An Alphabet of Poets – M is for Mueller



In Passing

How swiftly the strained honey
of afternoon light
flows into darkness

and the closed bud shrugs off
its special mystery
in order to break into blossom

as if what exists, exists
so that it can be lost
and become precious.

Liesel Muellerfrom Alive Together – New and Selected Poems, LSU Press, 1997

A multitude of M’s. A plethora of M’s. This 30-day task gets harder each day! So many poets I want to share. So here’s my second M selection. Liesel Mueller, now 88, Pulitzer Prize winner for Alive Together – New and Selected Poems in 1997 and a poet whose poetry so fits one of its definitions – soul-making. Mueller’s parents fledGermany with her in 1939 and she met her husband, Paul, at a college In Indiana when they were both 19.

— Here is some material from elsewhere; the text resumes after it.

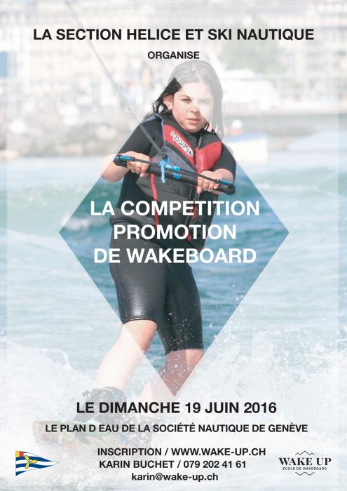 La compétition PROMO WAKEBOARD organisée par la Société Nautique de Genève et le club Wake-Up au Port Noir de Genève est reportée au samedi 3 septembre 2016 en raison de la mauvaise bise du 19 juin.

Here below is one of her “signature” poems.  I first came across it in the 2006 anthology Twenty Poems to Nourish Your Soul selected and edited by print and TV journalist, Judith Valente and her husband Charles Reynard. I cherish this volume.

Alive Togther

Speaking of marvels, I am alive
together with you, when I might have been
alive with anyone under the sun,
when I might have been Abelard’s woman
or the whore of a Renaissance pope
or a peasant wife with not enough food
and not enough love, with my children
dead of the plague. I might have slept
in an alcove next to the man
with the golden nose, who poked it
into the business of stars,
or sewn a starry flag
for a general with wooden teeth.
I might have been the exemplary Pocahontas
or a woman without a name
weeping in Master’s bed
for my husband, exchanged for a mule,
my daughter, lost in a drunken bet.
I might have been stretched on a totem pole
to appease a vindictive god
or left, a useless girl-child,
to die on a cliff. I like to think
I might have been Mary Shelley
in love with a wrong-headed angel,
or Mary’s friend. I might have been you.
This poem is endless, the odds against us are endless,
our chances of being alive together
statistically nonexistent;
still we have made it, alive in a time
when rationalists in square hats
and hatless Jehovah’s Witnesses
agree it is almost over,
alive with our lively children
who–but for endless ifs–
might have missed out on being alive
together with marvels and follies
and longings and lies and wishes
and error and humor and mercy
and journeys and voices and faces
and colors and summers and mornings
and knowledge and tears and chance.

Liesel Mueller from  Alive Together, LSU Press, 1996

In an interview with Valente in 2003, Mueller told her that the poem Alive Together was her “happiness” poem:

It suddenly came to me in a flash, as things do, what a wonderful life I had, and if I hadn’t been the person I am genetically and I hadn’t come to the United States and I hadn’t met my husband, everything would have been different….It’s just such a matter of chance to be who you are and live the life you’ve been given.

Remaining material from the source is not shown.